## Work to be completed
Exactly as written, output the lines below starting from the first and ending with the line that contains "堀米 将太 HORIGOME Shota"; omit pictures.

Stored items:
##########

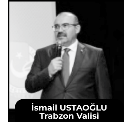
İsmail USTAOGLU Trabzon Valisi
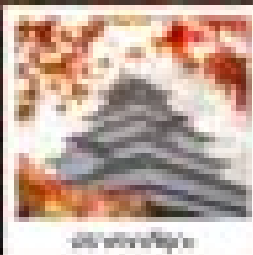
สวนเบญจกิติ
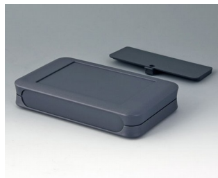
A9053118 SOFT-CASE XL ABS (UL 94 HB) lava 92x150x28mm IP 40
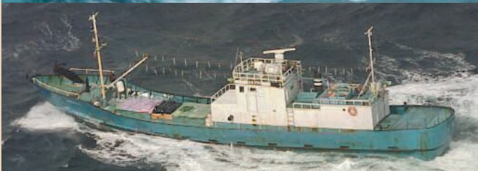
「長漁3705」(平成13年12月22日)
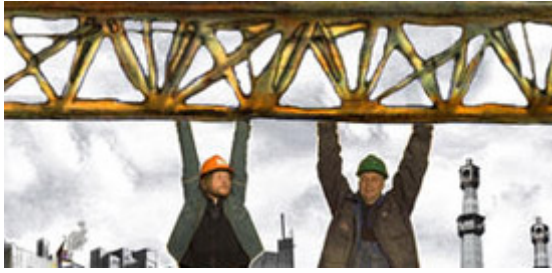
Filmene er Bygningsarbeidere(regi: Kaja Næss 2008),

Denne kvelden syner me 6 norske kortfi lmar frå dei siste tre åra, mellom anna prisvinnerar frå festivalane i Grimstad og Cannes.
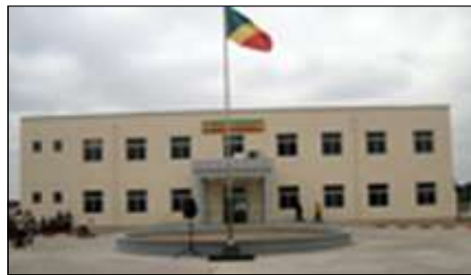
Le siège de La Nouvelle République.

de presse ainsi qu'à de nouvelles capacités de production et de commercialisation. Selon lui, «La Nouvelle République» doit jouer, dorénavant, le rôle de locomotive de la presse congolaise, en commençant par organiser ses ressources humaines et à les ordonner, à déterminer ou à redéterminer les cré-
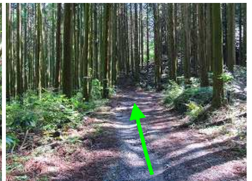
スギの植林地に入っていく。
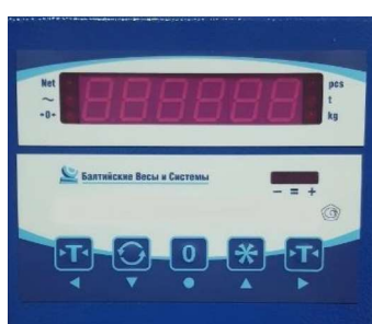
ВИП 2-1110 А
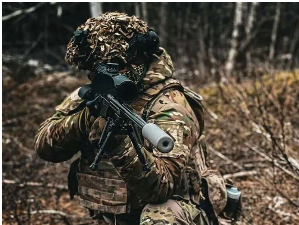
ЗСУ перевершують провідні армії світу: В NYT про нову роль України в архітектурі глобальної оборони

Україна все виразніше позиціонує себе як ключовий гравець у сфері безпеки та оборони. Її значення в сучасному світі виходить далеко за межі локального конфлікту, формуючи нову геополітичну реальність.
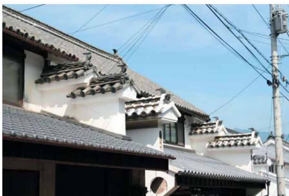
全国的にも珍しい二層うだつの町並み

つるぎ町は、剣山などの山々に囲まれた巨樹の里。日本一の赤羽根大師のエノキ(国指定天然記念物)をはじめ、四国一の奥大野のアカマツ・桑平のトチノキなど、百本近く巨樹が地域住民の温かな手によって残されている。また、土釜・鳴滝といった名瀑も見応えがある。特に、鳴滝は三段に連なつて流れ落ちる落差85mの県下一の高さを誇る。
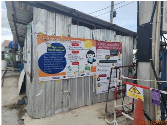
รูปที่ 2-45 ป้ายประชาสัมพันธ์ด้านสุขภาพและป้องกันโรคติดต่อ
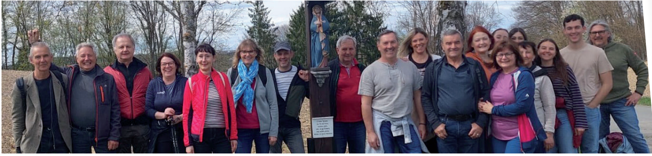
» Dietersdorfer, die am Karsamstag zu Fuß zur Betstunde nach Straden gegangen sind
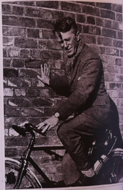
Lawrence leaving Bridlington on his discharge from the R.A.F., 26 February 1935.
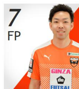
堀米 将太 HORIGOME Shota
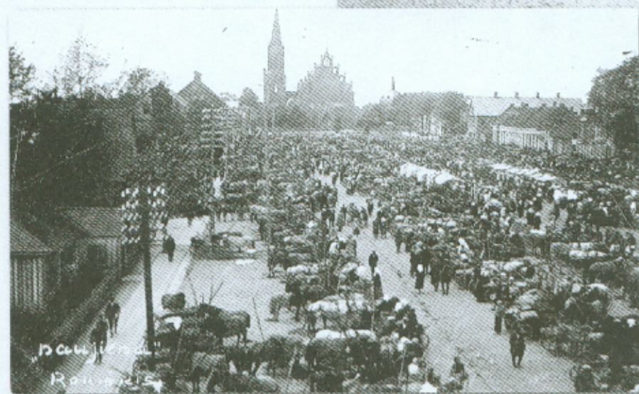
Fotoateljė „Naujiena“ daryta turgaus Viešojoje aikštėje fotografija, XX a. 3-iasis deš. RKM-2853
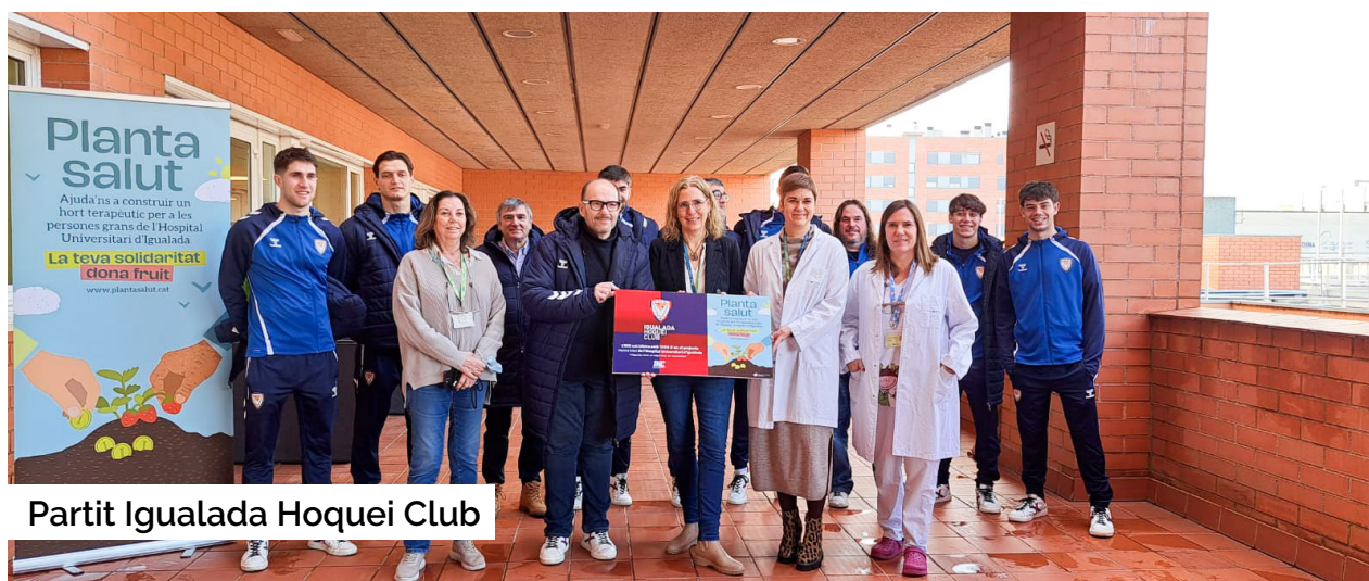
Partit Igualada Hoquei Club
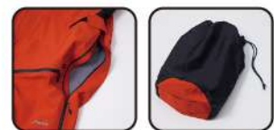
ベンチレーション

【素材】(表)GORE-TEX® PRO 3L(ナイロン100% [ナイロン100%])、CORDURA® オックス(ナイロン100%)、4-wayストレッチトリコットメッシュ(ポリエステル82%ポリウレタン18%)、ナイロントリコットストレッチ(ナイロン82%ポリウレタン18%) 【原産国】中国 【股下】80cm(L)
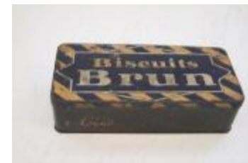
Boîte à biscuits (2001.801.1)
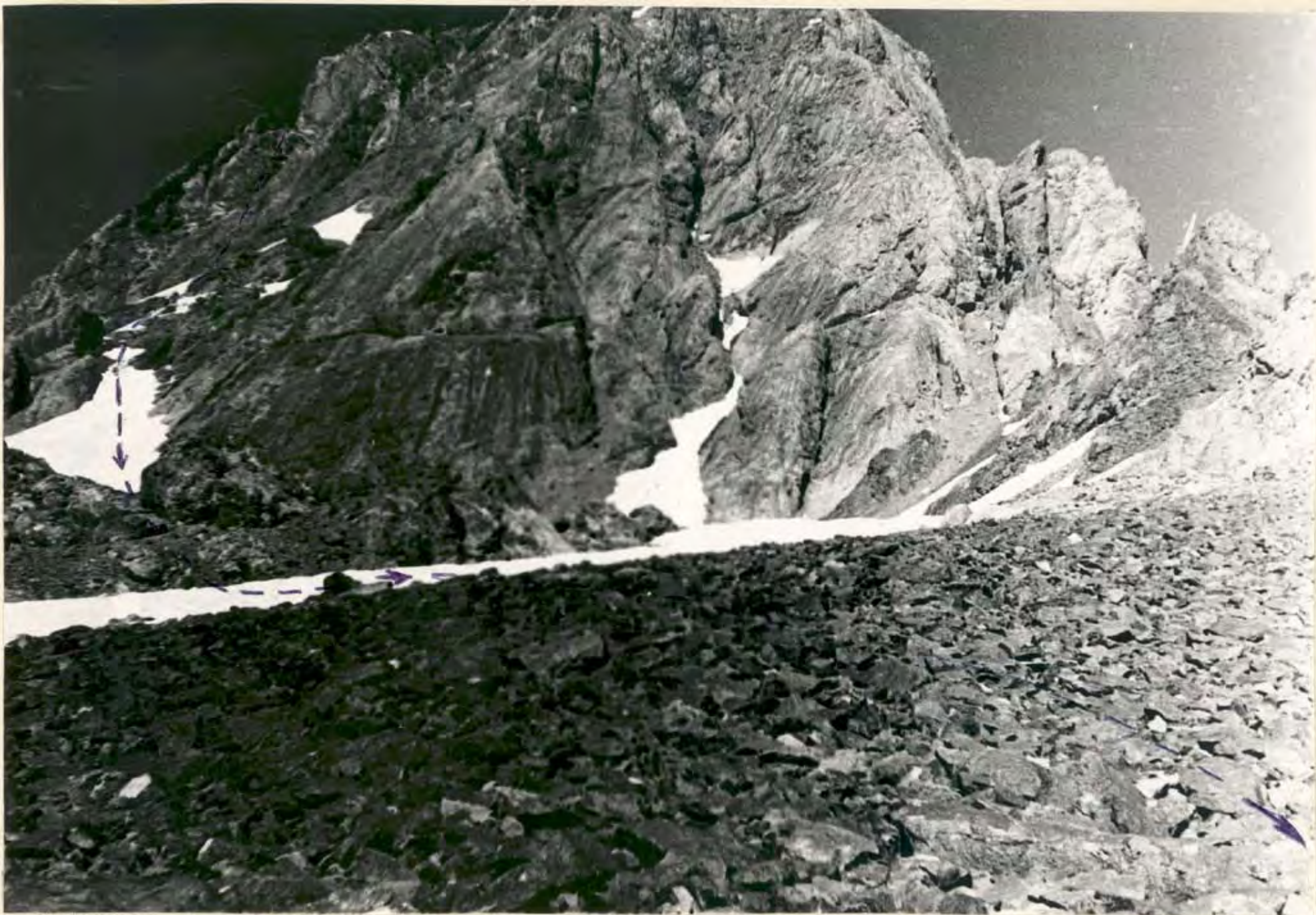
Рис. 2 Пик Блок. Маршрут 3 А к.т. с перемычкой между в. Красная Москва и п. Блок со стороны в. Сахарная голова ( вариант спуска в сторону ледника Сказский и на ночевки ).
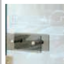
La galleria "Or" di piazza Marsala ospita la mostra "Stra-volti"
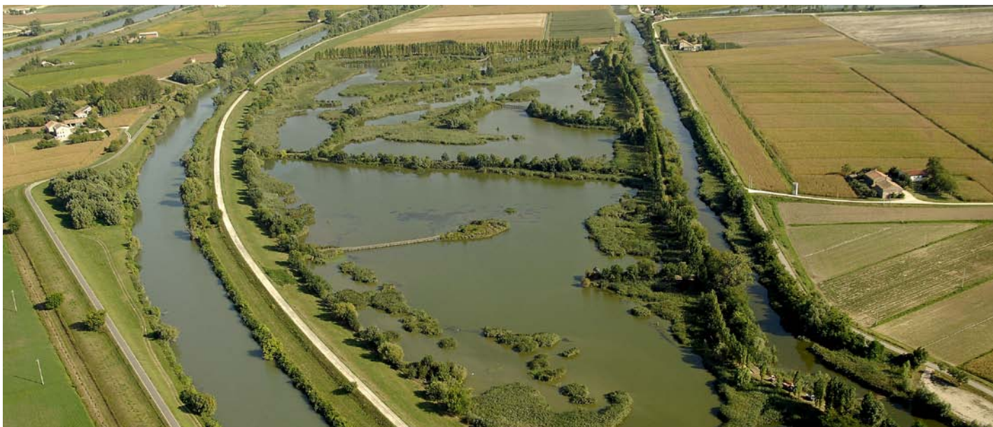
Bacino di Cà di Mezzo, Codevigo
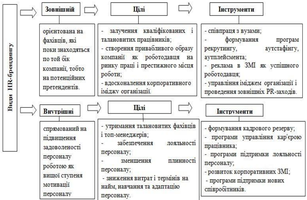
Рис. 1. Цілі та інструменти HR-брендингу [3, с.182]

##########

## Exercise answer
İsmail USTAOGLU Trabzon Valisi
สวนเบญจกิติ
A9053118 SOFT-CASE XL ABS (UL 94 HB) lava 92x150x28mm IP 40
「長漁3705」(平成13年12月22日)
Filmene er Bygningsarbeidere(regi: Kaja Næss 2008),

Denne kvelden syner me 6 norske kortfi lmar frå dei siste tre åra, mellom anna prisvinnerar frå festivalane i Grimstad og Cannes.
Le siège de La Nouvelle République.

de presse ainsi qu'à de nouvelles capacités de production et de commercialisation. Selon lui, «La Nouvelle République» doit jouer, dorénavant, le rôle de locomotive de la presse congolaise, en commençant par organiser ses ressources humaines et à les ordonner, à déterminer ou à redéterminer les cré-
スギの植林地に入っていく。
ВИП 2-1110 А
ЗСУ перевершують провідні армії світу: В NYT про нову роль України в архітектурі глобальної оборони

Україна все виразніше позиціонує себе як ключовий гравець у сфері безпеки та оборони. Її значення в сучасному світі виходить далеко за межі локального конфлікту, формуючи нову геополітичну реальність.
全国的にも珍しい二層うだつの町並み

つるぎ町は、剣山などの山々に囲まれた巨樹の里。日本一の赤羽根大師のエノキ(国指定天然記念物)をはじめ、四国一の奥大野のアカマツ・桑平のトチノキなど、百本近く巨樹が地域住民の温かな手によって残されている。また、土釜・鳴滝といった名瀑も見応えがある。特に、鳴滝は三段に連なつて流れ落ちる落差85mの県下一の高さを誇る。
รูปที่ 2-45 ป้ายประชาสัมพันธ์ด้านสุขภาพและป้องกันโรคติดต่อ
» Dietersdorfer, die am Karsamstag zu Fuß zur Betstunde nach Straden gegangen sind
Lawrence leaving Bridlington on his discharge from the R.A.F., 26 February 1935.
堀米 将太 HORIGOME Shota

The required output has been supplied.